61 thoughts on “The hidden ways stairs shape your life | Small Thing Big Idea, a TED series

  1. People don't sit on stairs because they love to sit on stairs. That is fucking ridiculous. People sit on stairs when there is no where to sit. Also, the idea of referring to an inanimate object, in the context of 9/11 no less, 'heroic'; it's absolutely fucking ridiculous. They made the building out of materials that caused suffering through their design and toxicity. 'Heroic Stairs'. Sure.

  2. TED: Please don't shoot peoples faces at F1.4, when your subject moves around while talking, they go in and out of focus. It's frustrating. F4 is fine.

  3. Wow. That concept of stairs as a gathering place is really true if your neighborhood is set up right. All our stairs are tucked back in behind the bulk of our garages so we're all quietly separated from our neighbors.

  4. That's not worship. That's evil imagery. Why would you include such things in a TED talk that's got to do with stairs and likely kids around the world would be watching?

  5. They tied Folks into tight balls and tossed them down the Ancient Central and South American Stone Staircases breaking every bone in their body. Stairs weren’t so friendly back in the day. Not mentioned here?

  6. The first half of this video is background info. If you understand the basics of stairs, you can skip to the second half. which is really interesting.

  7. wau, someone else thinks sameway. im carpenter and build several stairs with concrete. there is really something unexplained emotions when the work is in progress 😀 i just love stairs.

  8. These “small things” series reminds me of the movie on Sand that Ms. Hover shows Lisa’s second grade class on the Simpsons to illustrate her half-assed, uninspired teaching methods.

  9. An ode to stairs – fabulous – I am a passionate stair/stoop sitter. I love the concept of this series, and am now going to use these as thought starters and warm ups for students and participants in universities and other institutes I'm at. Thank you so much!

  10. Today stairs, tomarrow footpath and next day toilet seat…….😂😂😂sorry for bad joke……it's just a stair dude….take it easy

  11. Oh, I know. When building a high rise apartment building put the elevator and the gym right out by the main entrance where everyone can easily find it, but hide the stairs off in a corner somewhere and have them still covered in saw dust over 6mo after the building is done being built.

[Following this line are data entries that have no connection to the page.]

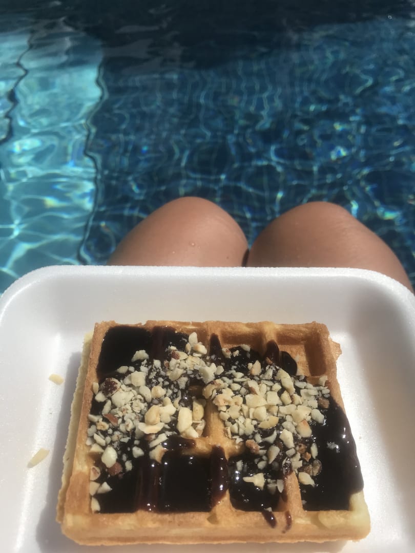 Mit der leckeren Waffel vom Pool
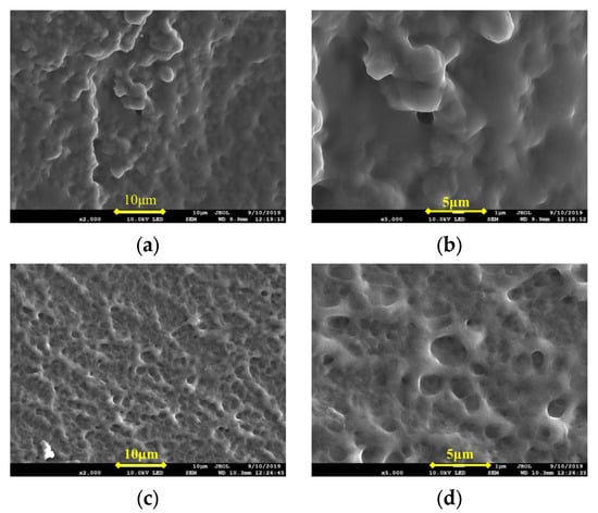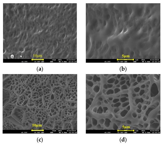 Figure 2a,b revealed that at 1.0% concentration of the cross-linking agent, the product appeared dense with a tight skeleton and long vertical and horizontal network chains, and the product had the characteristics of high strength, toughness, and elasticity. As the concentration of the cross-linking agent continued to increase, the rate of the reaction accelerated, accompanied by release of a large amount of heat. The temperature of the system rose, and the reaction speed was further accelerated, resulting in flash polymerization. The microstructures in
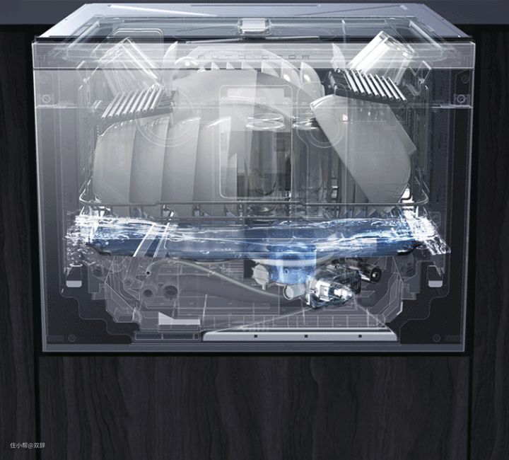 涡流洗,它的工作原理大家可以参考洗衣机,利用涡轮带动水流的转动,流动的水流对餐具进行冲刷。但是这种清洗方式的清洗效果实属不是很好,大家可以想象一下,如果碗盘是重叠放置的话,其重叠部分就会因为水流无法穿过而导致无法清洗干净,因此这类清洗方式现在也被市场淘汰了。

  12. When I was in primary school the stairs of my school were always the place where all the students would meet and sit down when there was some big anouncement.

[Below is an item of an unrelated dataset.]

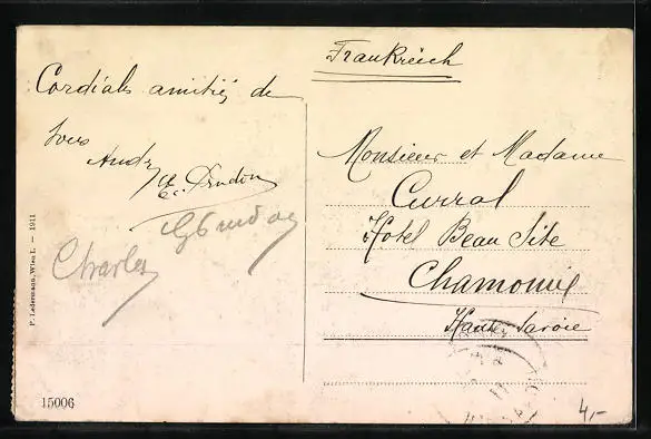 Personenbezogene Daten auf der Rückseite der Karte wurden durch blauen Textmarker unkenntlich gemacht. Die blauen Stellen sind auf die Vorderseite durchgeweicht und wirken sich negativ auf das Postkartenfoto aus

  13. An escalator can never break: it can only become stairs. You should never see an Escalator Temporarily Out Of Order sign, just Escalator Temporarily Stairs. Sorry for the convenience. ~ Mitch Hedberg (RIP)

  14. I sometimes find it astounding how much space architects devote to stairs. Just look at 2:23 almost the entire space is filled with the staircase.

  15. You'll have to excuse me if I don't get all misty over stairs. You failed to note how isolating and limiting they are for those with even minor mobility issues – from uncomfortable to literally impossible.

  16. يا إلهي
    يجب ان تعودو في التفكير بان تزيلو اللغة الانجليزية من العالم ونشر اللغة العربية


  17. Watching this video alongside the other Small Thing Big Idea uploads really illustrates the sorry state of architecture today, we really have to stretch to have an idea worth spreading.
    And this is coming from a lover of Architecture, we need to do better.

  18. It's amazing to hear how architects could use stairs in such a transformative and design-focus manner. Though I wish someone was able to redesign the stairs in some of the NYC subways. There's one of them nearby Grand Central that is absolutely killer to walk up.